Bodenfliesen und Wandkacheln demonstrierten stoßfest und abwaschbar: Weiß.

Verschließbare Kunststoffschränke bargen Sägen, Zangen, Feilen und allerlei anderes nützliches Gerät.

Durchsichtige Folie schützte die Schrifttäfelchen, die den Platz eines jeden Werkzeuges anzeigten.

Schrauben und Nägel lagen sortiert nach Größe und Länge in Behältnissen aus Plexiglas, jeweils eines der Objekte klebte oben auf dem Deckel.

Ein Putzschrank beherbergte Besen, Schrubber und Lappen. Utensilien, die nur hier unten benutzt werden durften. Einen Kellerbesen im Wohnungsflur zu verwenden, sei Schweinerei, befand der Vater.

Obwohl dadurch der Stromverbrauch erhöht wurde, erhellten Tag und Nacht grell leuchtende Neonröhren diesen Ort.

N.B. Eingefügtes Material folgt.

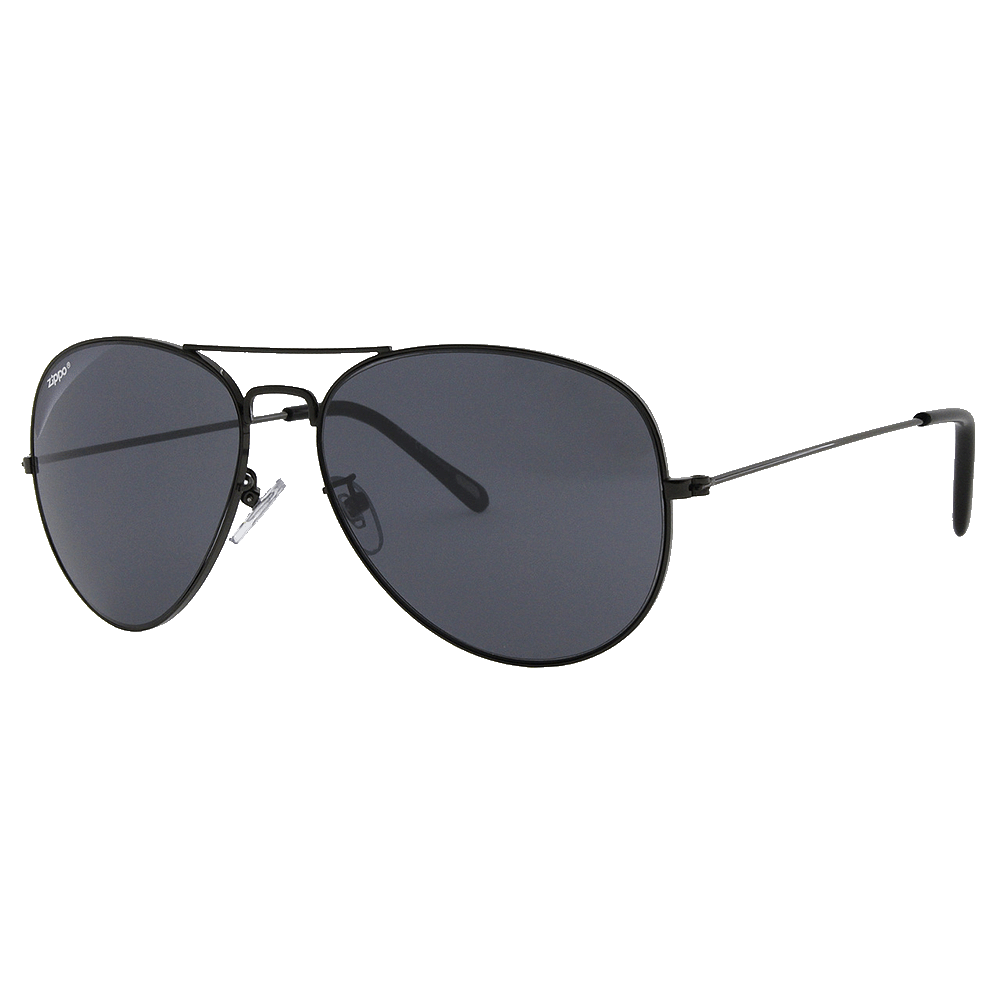 Get stylish sun protection with these Black Flash Pilot style Sunglasses. Featuring a rounded shape. The left lens is adorned with our Zippo logo in white.

Dass der Vater seiner Tochter täglich abverlangte, sämtliche Oberflächen gründlich zu wischen und anschließend mit Desinfektionslösung einzusprühen – nicht zu vergessen die Wäscheleinen im Trockenraum und das Waschmaschinen-Bullauge –, geschah um ihres Seelenheiles willen. Für Sauberkeit zu sorgen, diente ebenso wie Buße und Gebet der Reinigung des Geistes.

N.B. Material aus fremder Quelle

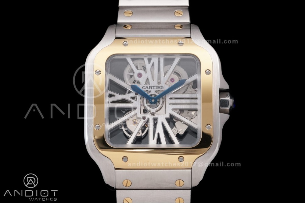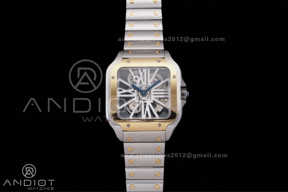 Santos de Cartier Skeleton SS/YG MLF Skeleton Dial on SS/YG SmartLink Bracelet 9611MC Super Clone
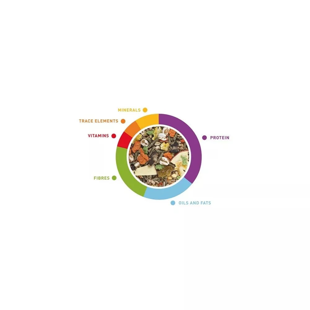 Sudėtis: augaliniai produktai (liucerna 11%), grūdai, daržovės 14,5% (morkos 1,5%), vaisiai 7% (saldžiavaisiai pupmedžiai 5%, obuoliai 0,5%), mineralai, augaliniai baltymų ekstraktai.

So sehr er auch sein Gedächtnis marterte, er vermochte sich nicht zu entsinnen, wann sie je ohne Aufsicht da draußen in der tugendlosen Welt herumgelaufen sein sollte. Erst recht schien es ihm undenkbar, dass sündige Abhandlungen in ihre Hände gelangt sein konnten.

Es war ihr Blick gewesen, der ihm die drohende Fehlentwicklung offenbarte. Einer solchen musste energisch entgegengetreten werden, bevor sich die Charaktererkrankung in der Realität materialisierte – was einer Katastrophe gleichkäme.

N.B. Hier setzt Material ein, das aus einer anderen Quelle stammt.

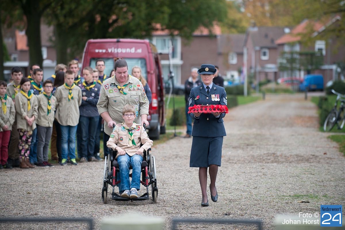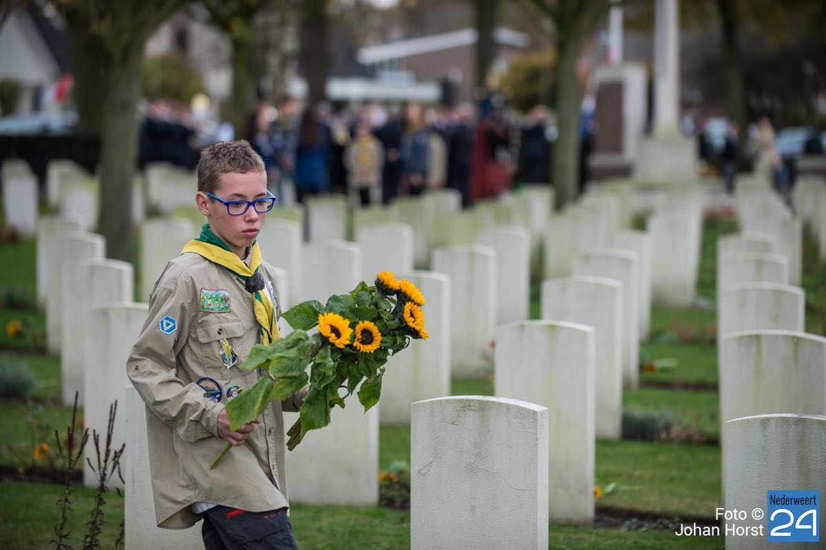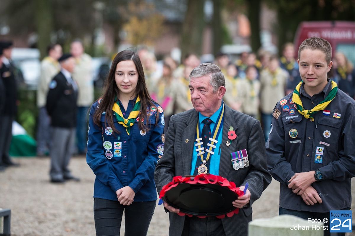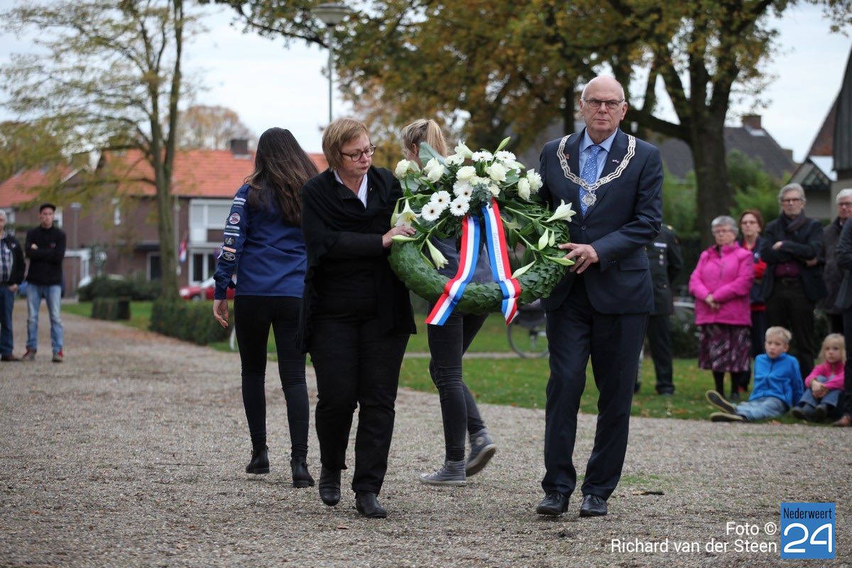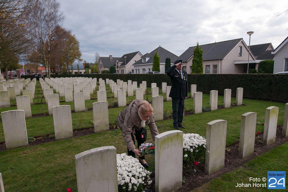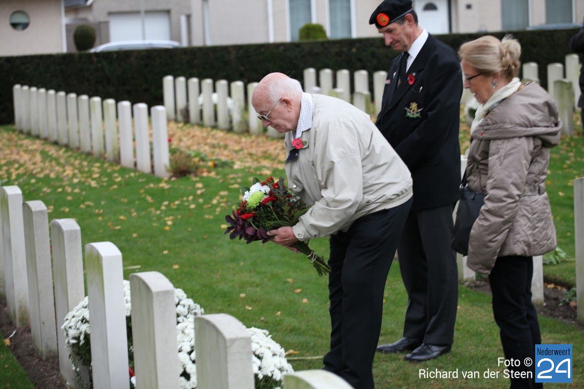 Onder toeziend oog van burgemeester Henk Evers, Harmonie St Joseph, een delegatie van de Bond van Wapenbroeders en overige belangstellenden heeft hij samen met mevrouw van der Sande uit de Moesemanstraat een krans met bloemen gelegd. Het is een zeldzaamheid dat een zoon van een gesneuvelde militair bij de herdenkingsplechtigheid aanwezig is en een krans legt. Mevrouw van der Sande onderhoudt het graf. Allan is hier vandaag en morgen te gast.

Schmerzlich fühlte er, nicht einmal der eigenen Ehefrau vertrauen zu können. Keineswegs, weil diese gegen Anstand und Ordnung aufzubegehren wagte. Rosemaries Schwäche bestand aus falsch verstandenem Mitleid. Belehrt durch seine Studien der heiligen Schrift, strafte er die Gattin dafür jedoch nur milde. Mutterliebe, dieses irrationale Gebräu, gehörte nun einmal zu den Bestimmungen des Weibes.

Umso dringlicher gebot es die väterliche Pflicht, das Böse von seiner Tochter fernzuhalten.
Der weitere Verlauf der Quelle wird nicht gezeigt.